In order to stop the current ‘process of irreversible destruction of nature’ (Huber 1996:305), an attribution of rights to nature is, according to Huber, ‘misleading’ (Huber 1996:317), as this ultimately obscures the legal concept without deriving concrete protective measures for nature. He develops an alternative orientation by emphasising the distinction between an anthropocentric responsibility for a physiocentric understanding of life preservation and an anthropocentrism of self-preservation. While the biblical and many other religious traditions differentiate between these two attitudes by linking a special position of human beings with their responsibility for their fellow world, modern times have allowed the anthropocentrism of self-preservation in the sense of an exclusive orientation towards human interests to become dominant.

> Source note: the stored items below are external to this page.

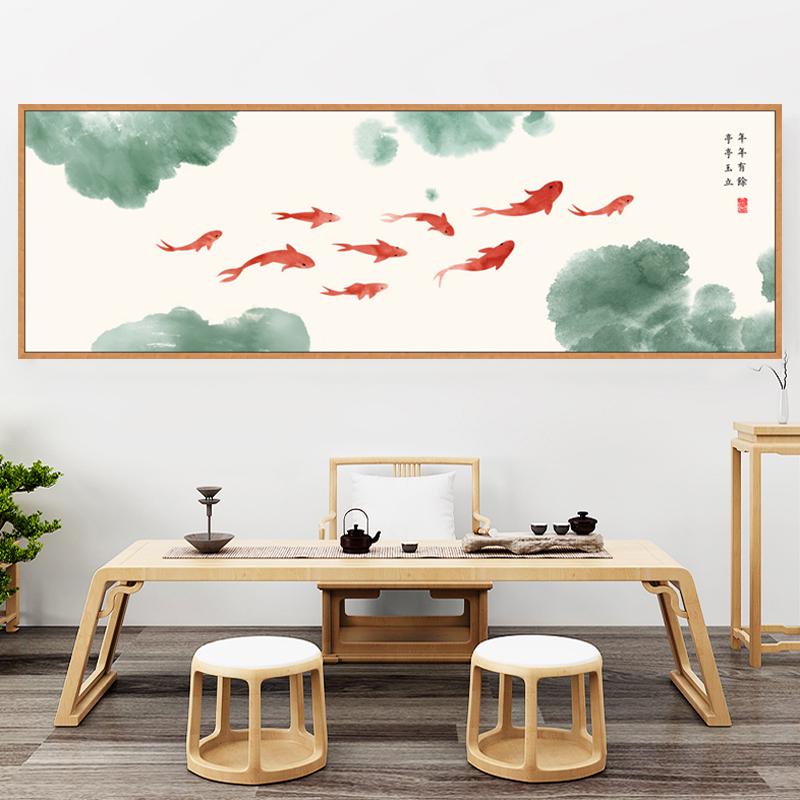 贴画墙贴新中式 饰卧室床头背景墙横幅自粘壁画贴纸 荷花客厅沙发装
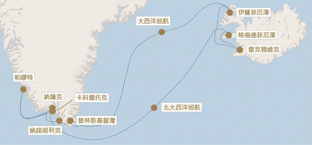 航線在冰島與格陵蘭之間展開,峽灣、漁村、殖民港口與古老遺跡彼此串連,維京與因紐特的時間在行走與停留之間自然疊上來。
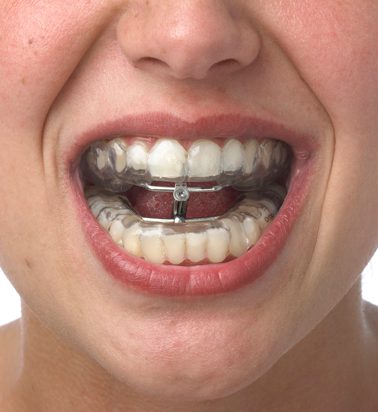 Dispositivo intraoral a medida para tratar los ronquidos y la apnea del sueño mediante un adelantamiento controlado de la mandíbula durante la noche para facilitar el paso del aire por las vías aéreas superiores. Permite realizar todo tipo de movimiento de la boca. Consta de un conjunto de dos férulas unidas entre sí a través de un sistema de ajuste regulable que permite el adelantamiento progresivo de la mandíbula

This problematic form of anthropocentrism is overcome by introducing the idea of natural dignity and establishing a corresponding human responsibility. ‘Natural dignity’ means that the inherent dignity of nature is not dependent on human recognition but has ‘its existence in itself’ (Huber 1996:313). Modifying Kant’s concept of dignity, which links dignity to the endowment of reason, Huber (1996) argues in terms of creation theology:

All creatures are related to the Creator and dependent on his goodness; all have only a limited living space and a limited life span; all are dependent on … finding a solution that makes life possible for the individual in the midst of other life. (pp. 1996:314)

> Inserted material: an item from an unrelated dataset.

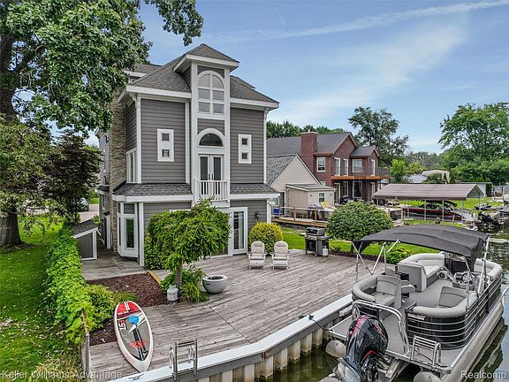 ALL SPORTS CASS LAKE. 3 bedroom 4 full bathroom move-in ready home on 40 ft of frontage. Generous kitchen w water views & miles of counters & storage, stainless steel appliances, granite countertops. Travertine stone stone floors. Fireplace w stone surround. Built in wood cabinets/shelves w custom lighting. Primary suite BR w vaulted ceiling, French door balcony to lake & incredible sunset views. NEW primary bath w Carrera marble and Italian tile, Kohler vanity. Custom euro glass shower w Kohler Purist, brush gold hardware. The 3rd floor family/billiard/pub room overlooks spectacular lake views. Perfect space to entertain guests or relax. Second floor laundry room w new appliances & slate floors. All 3 bedrooms are ensuites w large closets. 3rd floor exercise room overlooks lake. Impressive curb appeal w covered porch. Enjoy lake life living w access to major roads, shopping & dining spots. Minutes to Birmingham & Golf. Walkable to bars & restaurants of Keego Harbor and Sylvan Lake. Only 1/2 hr to Downtown Detroit. West Bloomfield schools. Mostly Andersen casement windows throughout. NEW 2024 on demand H20, 2024 8K in Shade Store window treatments (w remote) New carpet & paint in bedrooms 2025. Newer Washer and Dryer 2022. 2025. Outdoor storage shed. Exclusions apply BATVAI. Agent related to seller. Taxes currently non homesteaded.

The special human position in the creation accounts can only be understood as a form of dominion, which includes the responsibility to preserve and promote nature. Accordingly, as specified by Huber, ‘the limitation of the concept of dignity to humans’ must be overcome ‘so that non-human nature can also be considered and treated with respect for its inherent dignity’ (Huber 1996:314). In this way, humanity learns to respect nature’s own measure, which cannot be replaced by an equivalent. In this sense, the concept of dignity is to be applied to nature in accordance with Kant’s distinction between a value and dignity, according to which a value can be expressed by a price and replaced accordingly, and non-substitutable dignity.6 From this follows an ethics of self-limitation, which is essentially to be reflected in an ‘ecological restructuring of the legal order’ (Huber 1996:317). Thus, the natural foundations of life are to be protected, also independently of human interests, which has so far been insufficiently anchored in the German constitution.7

Dignity and rights for non-human life and for the eco-sphere

If one includes the biblical tradition in the considerations beyond the creation story, then the idea of integrating non-human creation into the legal order is also plausible as a concretisation of the dignity of nature, which is undisputed between Meyer-Abich and Huber. From today’s perspective, the biblical texts thus reveal an impressive ecological sensitivity that needs to be taken up productively (cf. Jähnichen 2021). In that all elements of creation communicate with the Creator and some of them are even integrated into the covenants; the recognition of a dignity of creatures arises directly from a theological perspective. The bestowal of rights on nature is also to be discussed in accordance with these basic biblical ideas. The theological perspective of the community of creation and the recognition of a corresponding dignity of all creatures are to be brought into the debates of pluralistic societies as ‘natural dignity’, as has been exemplarily shown in Huber’s legal ethics.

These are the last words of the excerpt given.